DATA EXTRACT Block Start

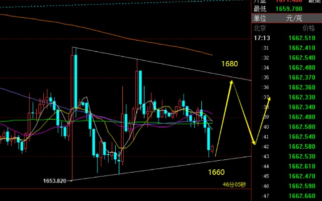 第三,黄金小时线级别:当前要关注的是一个缩口三角通道内整理,上轨1680一线,下轨1660-59一线,在区间未有效破位失守前,暂时只能继续围绕通道内高抛低吸运行;
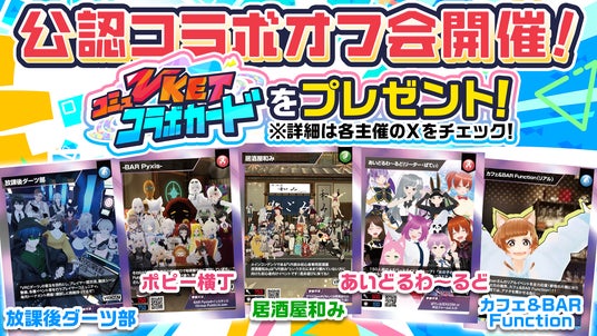 公認コラボオフ会では、各団体が趣向を凝らした企画を用意、来場者特典として各オフ会主催コミュニティの「Vketコミュコラボトレカ」もプレゼントします。また、VketRealのチケットを購入している方向けに、各オフ会の入場料割引や無料ドリンクなどの特典を用意していただいています。詳細は公式HPや主催者のX(旧Twitter)などをご覧ください。
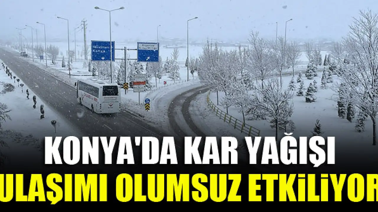 Konya'da etkili olan kar yağışı, ulaşımı olumsuz etkiliyor.
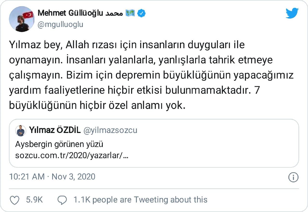 “Yılmaz bey, Allah rızası için insanların duyguları ile oynamayın. İnsanları yalanlarla, yanlışlarla tahrik etmeye çalışmayın. Bizim için depremin büyüklüğünün yapacağımız yardım faaliyetlerine hiçbir etkisi bulunmamaktadır. 7 büyüklüğünün hiçbir özel anlamı yok.”
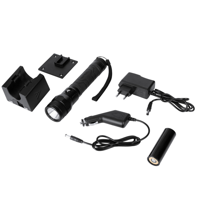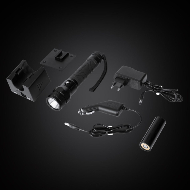 Питается фонарь от аккумулятора Li-Ion 5000 mAh, что обеспечивает до 11 часов непрерывной работы в минимальном режиме или 2,5 часа в режиме HIGH. Такое решение идеально для служб, работающих посменно — достаточно просто поставить фонарь на базу, и он будет готов к следующему выезду.
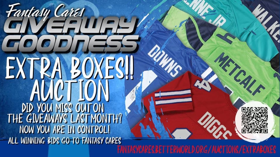 Did you miss out on winning a jersey in our advent calendar? Well we had some jerseys left over and we decided to auction them off! Head over to https://fantasycares.betterworld.org/auctions/EXTRABOXES and bid for your chance to win a DK Metcalf, Josh Downs, Kenneth Walker III, Stefon Diggs, or Travis Etienne Jr jersey.
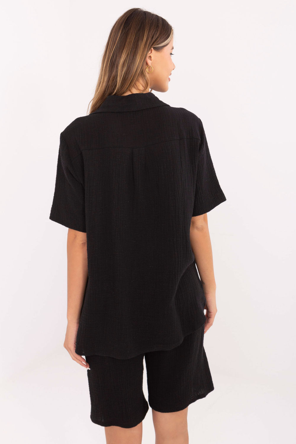 Lichte mousseline set bestaande uit een blouse en shorts is een ideale keuze voor warme, alledaagse dagen. Gemaakt van aangename, ademende katoen, zorgt voor maximaal draagcomfort en bewegingsvrijheid. Het gladde materiaal benadrukt de minimalistische, casual stijl van de set. De blouse met korte mouwen, kraag en knoopsluiting ziet er elegant en modern uit, en de extra riem om te strikken accentueert de taille en geeft het figuur een vrouwelijke vorm. De shorts met rechte pijpen en hoge taille zijn voorzien van praktische, zijdelingse insteekzakken. De set is perfect voor dagelijkse wandelingen, winkelen of bijeenkomsten met vrienden.
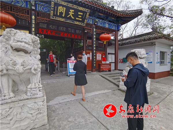 部分志愿者在志愿服務驛站為游客朋友提供咨詢服務、同時備有普通應急藥品,清涼油、藿香正氣水等防暑降溫物品供游客適用。一旁的工作人員在景區(qū)出入口引導游客配合測溫、查驗健康碼、掃場地碼、異地游客查驗48小時核酸陰性證明等,用實際行動助力全國文明城市創(chuàng)建。?
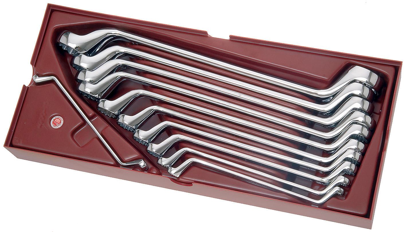 Kraftwerk COMPLETO Serie 4900 Einlegeschale mit 11 Doppelringschlüssel von Schlüsselweite 6x7 bis 30x32 mm. Jeder Doppelringschlüssel ist sauber und präzise gearbeitet und mit der Schlüsselweite und dem Hersteller versehen. Aus Chrom-Vanadium-Stahl, verchromt und hochglanzpoliert. DIN 838 / ISO 1085, 3318, 10104.

DATA EXTRACT Block End

ASSIGNMENT:
Exact copy, pictures excluded: every line above from the one containing "bey, Allah rızası" to the one containing "Питается фонарь от", inclusive, and nothing more.

TASK RESPONSE:
 “Yılmaz bey, Allah rızası için insanların duyguları ile oynamayın. İnsanları yalanlarla, yanlışlarla tahrik etmeye çalışmayın. Bizim için depremin büyüklüğünün yapacağımız yardım faaliyetlerine hiçbir etkisi bulunmamaktadır. 7 büyüklüğünün hiçbir özel anlamı yok.”
 Питается фонарь от аккумулятора Li-Ion 5000 mAh, что обеспечивает до 11 часов непрерывной работы в минимальном режиме или 2,5 часа в режиме HIGH. Такое решение идеально для служб, работающих посменно — достаточно просто поставить фонарь на базу, и он будет готов к следующему выезду.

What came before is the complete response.